QWhy does the syphilis test become false positive in the diagnosis of Lyme disease?
A
Borrelia burgdorferi belongs to the family Spirochaetaceae and is a microorganism of the same order Spirochaetales as Treponema pallidum. Because their antigens cross-react, patients with Lyme disease may show false-positive results in syphilis lipid antigen tests (RPR, VDRL) and fluorescent treponemal antibody absorption test (FTA-ABS). For differentiation, it is necessary to combine tests specific to T. pallidum.
Early disease, facial nerve palsy (oral administration)3)
Choose one of the following:
Doxycycline: 100 mg orally twice daily for 10–21 days (first choice)
Amoxicillin: 500 mg orally three times daily for 14–21 days (alternative for children and pregnant women)
Cefuroxime: 500 mg orally twice daily for 14–21 days
Pediatric doses: amoxicillin 25–50 mg/kg/day (max 500 mg three times daily), cefuroxime 30 mg/kg/day (max 500 mg twice daily)3).
Meningitis, recurrent arthritis, central or peripheral nervous system disease (intravenous administration)3)
Ceftriaxone: 2 g/day intravenously once daily for 14–28 days
For neurological symptoms (neuroborreliosis), high-grade atrioventricular block, or severe arthritis, intravenous therapy is chosen. Ceftriaxone 2 g single daily dose is standard, and the duration is determined while evaluating treatment response.
Performed after systemic antibiotic treatment has been initiated.
Steroid eye drops: Used for inflammation of the anterior segment of the eye (iridocyclitis, anterior uveitis).
Mydriatic agents (cycloplegics): Added to prevent posterior synechiae, relieve pain, and reduce photophobia.
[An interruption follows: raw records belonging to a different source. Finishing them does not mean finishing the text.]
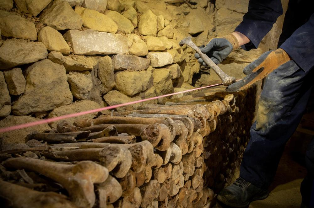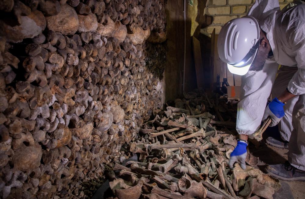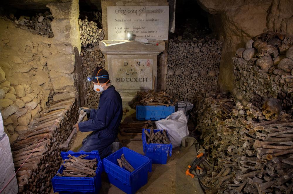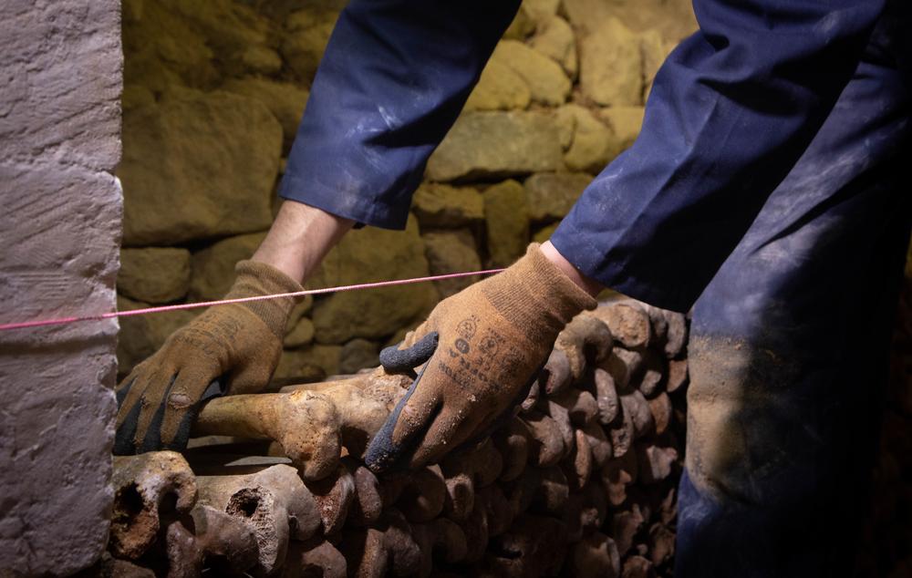 Martin Muriot, murailler de son état, est penché sur un tas de fémurs marron. Voilà trois jours qu'il tente de recomposer la hague des «Martyrs de septembre» des Catacombes de Paris, composée de dizaines de fragments de squelettes anciens. «D'ordinaire, je travaille sur la pierre de Bourgogne, explique-t-il, un crâne à portée de main. Mais nous sommes en train de tester une nouvelle méthode scientifique de conservation pour ces ossements.»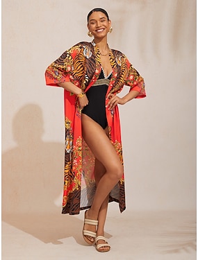 robe de plage maxi droite en satin soyeux Scarlet Tigres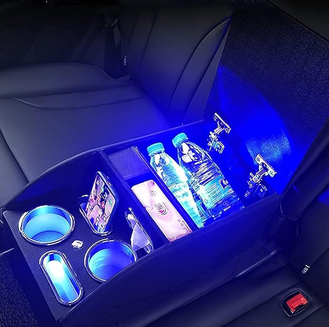 【高級感】リアシートのセンターに置くだけで高級セダンのような快適性をプラス。上質なPVCレザーはアームレストとして快適にご利用いただけます。PVCレザーとLED照明、艶のあるブラックABS樹脂とシルバーメッキの相乗効果で内装のグレード感がアップし、ラグジュアリーな車内空間を演出します。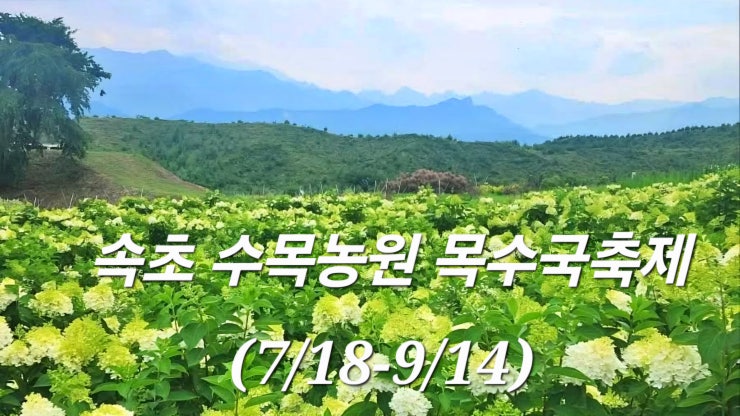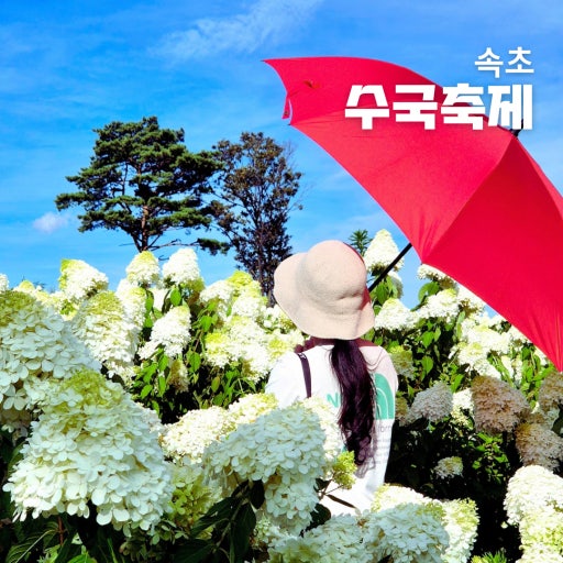 “눈처럼 하얗게 피어난 목수국이 설악과 호수 위에 쏟아진다. 여름 끝자락, 속초에서 만나는 특별한 꽃 정원!”

Posterior uveitis and vitreitis: Monitor while continuing systemic antibiotic treatment. If inflammation is severe, consider systemic steroid administration.
With early antibiotic treatment (stage 1), the prognosis is good, and complete recovery can be expected in most cases. If the disease progresses to stages 2 or 3, neurological and joint sequelae are more likely. Most ocular symptoms improve with antibiotic treatment, but in optic neuritis, visual recovery may be incomplete. In cases of ocular Lyme disease with choroidal neovascular membrane (CNVM), visual prognosis has been reported to be poor 5).
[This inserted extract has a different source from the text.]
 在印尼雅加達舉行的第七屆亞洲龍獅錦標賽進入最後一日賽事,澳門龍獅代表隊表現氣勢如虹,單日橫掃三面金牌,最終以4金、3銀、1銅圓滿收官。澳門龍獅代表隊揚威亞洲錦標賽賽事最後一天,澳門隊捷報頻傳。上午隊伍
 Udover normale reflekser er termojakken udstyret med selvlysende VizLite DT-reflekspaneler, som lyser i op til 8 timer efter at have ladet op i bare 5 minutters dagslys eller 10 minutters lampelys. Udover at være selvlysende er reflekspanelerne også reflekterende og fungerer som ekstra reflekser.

Spirochetes proliferate in the salivary glands of infected ticks and are injected into the host skin during blood feeding. Infection begins 12–24 hours after tick attachment, and the risk of infection increases significantly after 36–48 hours of attachment.
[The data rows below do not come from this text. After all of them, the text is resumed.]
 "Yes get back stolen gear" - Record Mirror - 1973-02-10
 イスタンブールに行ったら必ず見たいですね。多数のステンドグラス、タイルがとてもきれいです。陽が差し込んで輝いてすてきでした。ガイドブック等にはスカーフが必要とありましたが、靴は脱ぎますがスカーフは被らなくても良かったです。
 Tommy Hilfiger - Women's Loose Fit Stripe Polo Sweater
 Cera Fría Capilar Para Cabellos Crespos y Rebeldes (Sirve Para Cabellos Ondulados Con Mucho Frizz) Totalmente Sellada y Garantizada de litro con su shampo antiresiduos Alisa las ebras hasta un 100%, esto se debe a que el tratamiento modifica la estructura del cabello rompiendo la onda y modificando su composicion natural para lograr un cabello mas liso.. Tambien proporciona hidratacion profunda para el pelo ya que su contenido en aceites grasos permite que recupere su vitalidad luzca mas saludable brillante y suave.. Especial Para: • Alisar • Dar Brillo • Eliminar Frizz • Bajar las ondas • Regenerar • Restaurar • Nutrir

Borrelia attaches to host proteoglycans via surface glycosaminoglycans (such as decorin-binding proteins) 4). After attachment, the bacteria invade tissues using host extracellular matrix components. Subsequently, the bacteria disseminate lymphogenously or hematogenously throughout the body, with particular affinity for the following tissues:
Skin (erythema migrans: local inflammatory reaction)
Joint synovium (arthritis: immune complex deposition and CD4-positive T cell infiltration)
Peripheral and central nervous system (neuroborreliosis: inflammation of brain parenchyma, meninges, and nerve roots)
Cardiac conduction system (atrioventricular block: myocarditis, conduction pathway disorder)
Ocular tissues (uvea, cornea, optic nerve)
Mechanism of ocular involvement
Uveitis in the eye involves both direct bacterial invasion and the host immune response 5). Two mechanisms coexist: a “direct infection type” in which spirochetes directly invade the uvea, and an “immune-mediated type” due to the immune response to infection.
In the third stage, keratitis responds well to topical steroids alone, suggesting that the immune response (inflammation) is the main factor rather than the infection itself. Bilateral facial nerve palsy results from cranial neuritis caused by Borrelia and is a characteristic finding of disseminated infection in the second stage. Rare cases of ocular Lyme disease with choroidal neovascular membrane (CNVM) have also been reported 5).
Ocular complications in neuroborreliosis
In Lyme neuroborreliosis, Borrelia crosses the blood-brain barrier and invades the central nervous system. This leads to optic neuritis, oculomotor nerve palsy, and supranuclear gaze disorders. Detection of antibodies in cerebrospinal fluid and increased cell count aid in diagnosis.
7. Latest research and future perspectives (reports under investigation)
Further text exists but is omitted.